EXERCISE DATA =>
━━━━━━━━━━━━━━━━━━━━
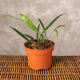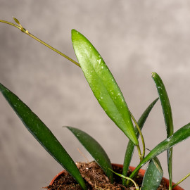 Hoya 'Minibelle' to urocza, kompaktowa odmiana. Roślina wyróżnia się smukłymi, lancetowatymi liśćmi o ciemnozielonej barwie i gładkiej powierzchni. Dzięki niewielkim rozmiarom i stosunkowo łatwej uprawie, Hoya 'Minibelle' doskonale nadaje się do wnętrz, wprowadzając subtelny, tropikalny klimat.
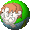 a pixel art illustration of a green globe with a person 's face on it .
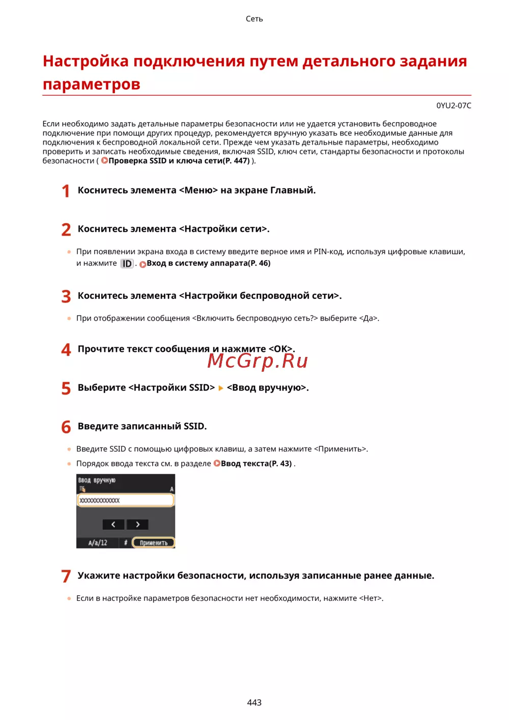 безопасности ( Проверка SSID и ключа сети(P. 447) ).
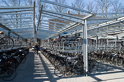 I hver etasje parkeres syklene i vekselvis lav/høy posisjon. Dette gir ett redusert plassbehov uten at syklene kommer i konflikt under parkering.
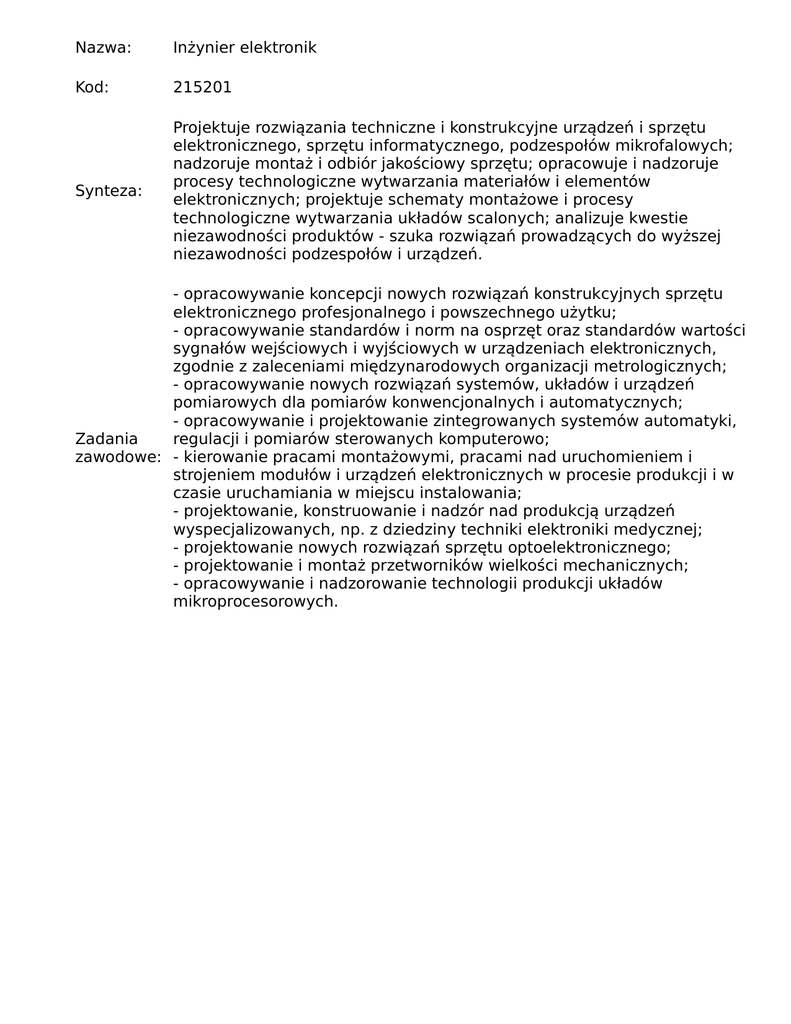 Nazwa: Inżynier elektronik Kod: 215201 Synteza: Projektuje rozwiązania techniczne i konstrukcyjne urządzeń i sprzętu elektronicznego, sprzętu informatycznego, podzespołów mikrofalowych; nadzoruje montaż i odbiór jakościowy sprzętu; opracowuje i nadzoruje procesy technologiczne wytwarzania materiałów i elementów elektronicznych; projektuje schematy montażowe i procesy technologiczne wytwarzania układów scalonych; analizuje kwestie niezawodności produktów - szuka rozwiązań prowadzących do wyższej niezawodności podzespołów i urządzeń. - opracowywanie koncepcji nowych rozwiązań konstrukcyjnych sprzętu elektronicznego profesjonalnego i powszechnego użytku; - opracowywanie standardów i norm na osprzęt oraz standardów wartości sygnałów wejściowych i wyjściowych w urządzeniach elektronicznych, zgodnie z zaleceniami międzynarodowych organizacji metrologicznych; - opracowywanie nowych rozwiązań systemów, układów i urządzeń pomiarowych dla pomiarów konwencjonalnych i automatycznych; - opracowywanie i projektowanie zintegrowanych systemów automatyki, Zadania regulacji i pomiarów sterowanych komputerowo; zawodowe: - kierowanie pracami montażowymi, pracami nad uruchomieniem i strojeniem modułów i urządzeń elektronicznych w procesie produkcji i w czasie uruchamiania w miejscu instalowania; - projektowanie, konstruowanie i nadzór nad produkcją urządzeń wyspecjalizowanych, np. z dziedziny techniki elektroniki medycznej; - projektowanie nowych rozwiązań sprzętu optoelektronicznego; - projektowanie i montaż przetworników wielkości mechanicznych; - opracowywanie i nadzorowanie technologii produkcji układów mikroprocesorowych.
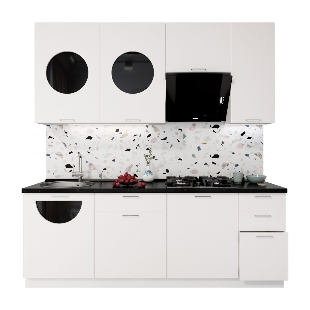 Материал фасада и корпуса: ЛДСП 16 мм. Ширина кухни 200 см.
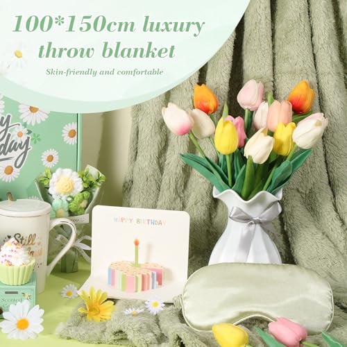 - ¡¼Birthday Gifts For Women¡½Relaxing Spa Gifts Basket Birthday Gifts for Women is specially designed.It is absolutely full of amazing array of gifts! There are approximately 11 gifts included in this box making it perfect perfect either for yourself or for a very special family member or friend!You will receive a light green blanket that is quite soft and large enough for watching TV or taking a nap, Included is also a large, but not too heavy cup that has a lid and a spoon for your tea or cocoa, while you relax.
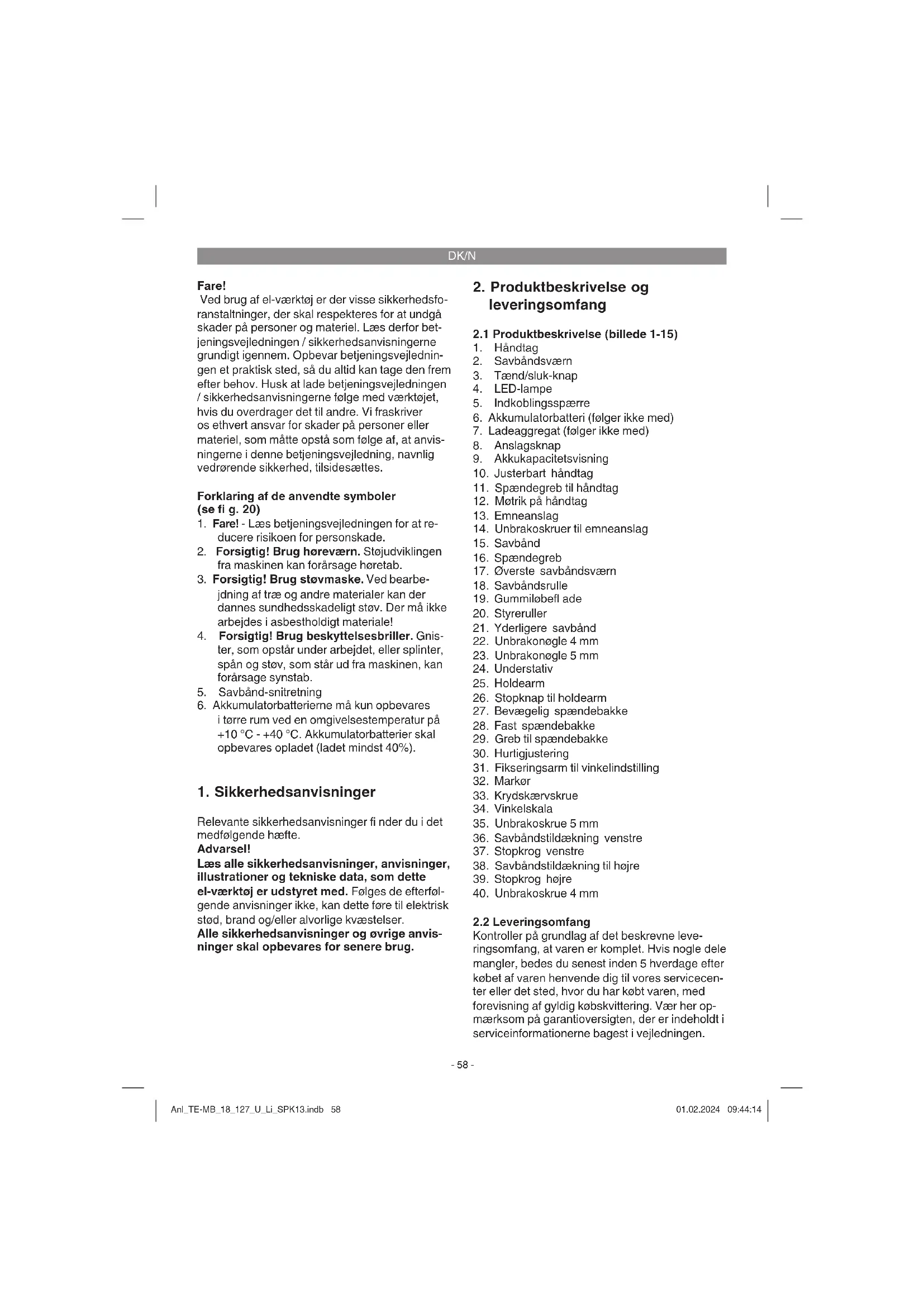 Alle afskærmninger og sikkerhedsanordnin- ger skal være korrekt påmonterede, inden maskinen tages i brug. Anl_TE-MB_18_127_U_Li_SPK13.indb 60Anl_TE-MB_18_127_U_Li_SPK13.indb 60 01.02.2024 09:44:1501.02.2024 09:44:15DK/N
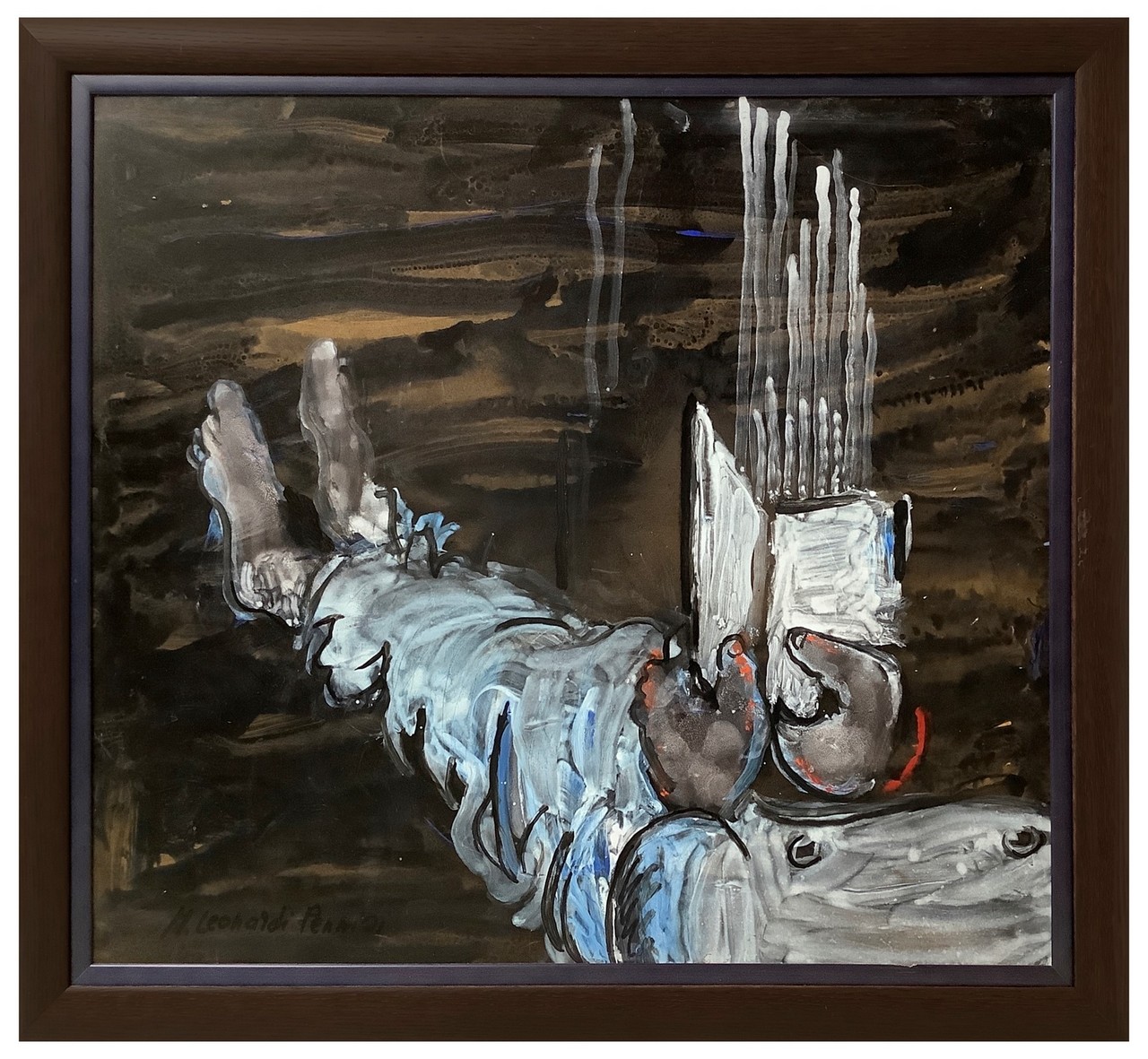 Tra le tecniche adottate dall’artista, oltre ai coloriacrilici sulla masonite, padroneggia la xilografia che richiamano alla memoriala ripresa tardo-ottocentesca di questa tecnica già cara a Durer.
━━━━━━━━━━━━━━━━━━━━
Exact repetition is required for the lines from the first one in the listing through the one that holds "I hver etasje", and pictures are to be omitted.

 Hoya 'Minibelle' to urocza, kompaktowa odmiana. Roślina wyróżnia się smukłymi, lancetowatymi liśćmi o ciemnozielonej barwie i gładkiej powierzchni. Dzięki niewielkim rozmiarom i stosunkowo łatwej uprawie, Hoya 'Minibelle' doskonale nadaje się do wnętrz, wprowadzając subtelny, tropikalny klimat.
 a pixel art illustration of a green globe with a person 's face on it .
 безопасности ( Проверка SSID и ключа сети(P. 447) ).
 I hver etasje parkeres syklene i vekselvis lav/høy posisjon. Dette gir ett redusert plassbehov uten at syklene kommer i konflikt under parkering.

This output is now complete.